Based on genomic and proteomic characterization of 373 ECs, TCGA research network identified the POLE ultramutated group in which no recurrences occurred. Although these results seem like a breakthrough in association between molecular profiles and clinical prognosis, the data should be interpreted keeping established histopathologic prognostic factors in mind. POLE mutations were present in 10% of EEC and absent in non-EECs. Given the association of POLE mutations with low-grade EECs, we would expect a better clinical outcome compared to serous and high-grade EEC tumors. Billingsley et al. identified POLE mutations in 5.6% of 535 EECs. There was no association between POLE mutation and PFS (univariate analysis) or OS (multivariate analysis), but only one patient with POLE mutation recurred [43]. Another study looking specifically at grade 3 EEC showed an improved PFS, and no recurrence for patients with POLE mutant tumors [44]. POLE shows promise as a reliable marker but needs better characterization in the context of EEC.

C. Conclusions

Characterization of ECs based on high-throughput data from molecular profiles is already underway. The four categories described by TCGA have significant overlap with current histologic subtypes. Pronounced differences in mutation profiles of low-grade EEC, high-grade EEC, and non-EECs strengthens the hypothesis that these histologic subtypes are probably more heterogeneous than originally thought. Correct classification is essential to predict tumor behavior, risk of recurrence and response to adjuvant and targeted therapies. Reliable and valid classification of EC on the basis of molecular profiling may result in improved patient counseling, choice of adjuvant therapy, and clinical outcomes.

II. Ovarian carcinoma

The two most important prognostic factors for ovarian cancer (OC) are FIGO stage and the presence of macroscopic residual tumor after primary surgical debulking [45]. For decades, all OCs were treated the same with aggressive surgical resection followed by platinum chemotherapy. Based on morphologic and genetic characteristics, two distinct pathways for ovarian carcinogenesis were proposed [46]. Type I OCs are slow-growing, arise from precancerous lesions, and are associated with KRAS and BRAF mutations. Type II OCs are aggressive, arise de novo, present with metastases, and are associated with p53 mutations. Similar to EC, research shows this classification may be be too simplistic as tumors within each subtype differ in carcinogenesis events, patterns of spread, precursor lesions, response to chemotherapy and clinical outcomes.
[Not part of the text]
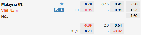 Hiện tại thầy trò HLV Park Hang-seo đang được nhà cái đánh giá ở cửa trên với tỷ lệ chấp 1 hoà cho trận đấu này. Mức tài xỉu của trận đấu được công khai ở mức 2 1/4, đây là mức tỷ lệ hợp lý khi ĐT Việt Nam luôn đề cao lối chơi chặt chẽ trong khi.
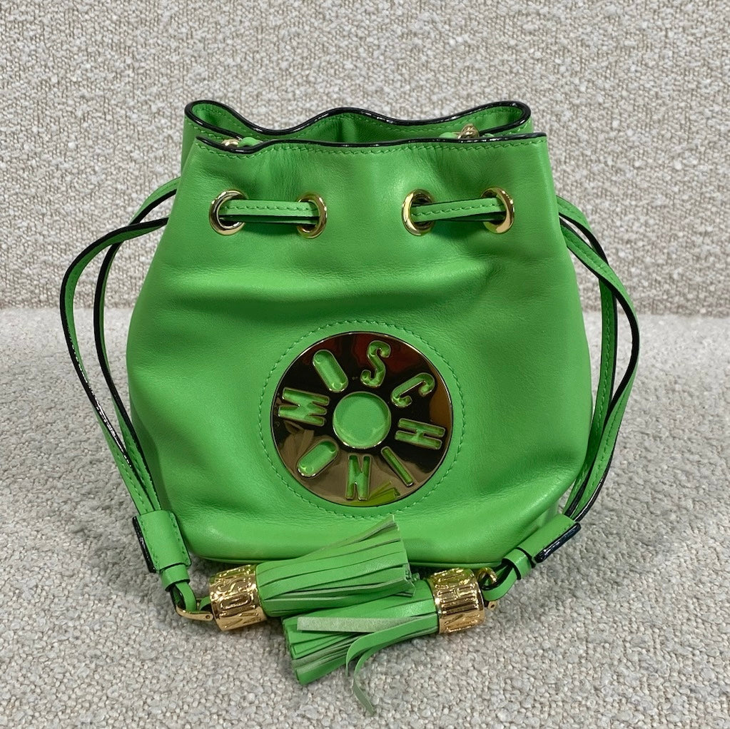 Pre-owned Moschino Green Tassel Logo Bucket Bag

Now, OC is classified into five subtypes including high-grade serous (HGSOC), low-grade serous (LGSOC), endometrioid (EOC), clear-cell (CCC), and mucinous (MC) carcinomas [47]. In a study of 575 optimally resected OC patients, histology was associated with outcome [48]. Specifically, patients with serous histology had a shorter OS than patients with EOC and MC. Historically, diagnosis was based on morphological features, but IHC to detect biomarkers is more useful in distinguishing tumor behavior.

A. Markers associated with histology

IHC for cytokeratin-7 and PAX-8 can be performed to distinguish mullerian from other primaries and IHC for WT-1 can distinguish between serous carcinomas of ovarian versus endometrial origin [47]. Serous carcinomas are WT-1 and ER positive, OEC are ER positive and WT-1 negative, CCC are HNF1β positive and negative for WT-1 and ER, and MC are ER and CA-125 positive and can be negative or weakly positive for gastro-intestinal markers like CEA, CA 19-9 and CDX2 [47]. High nuclear Ki-67 expression is seen in HGSOC but absent in LGSC.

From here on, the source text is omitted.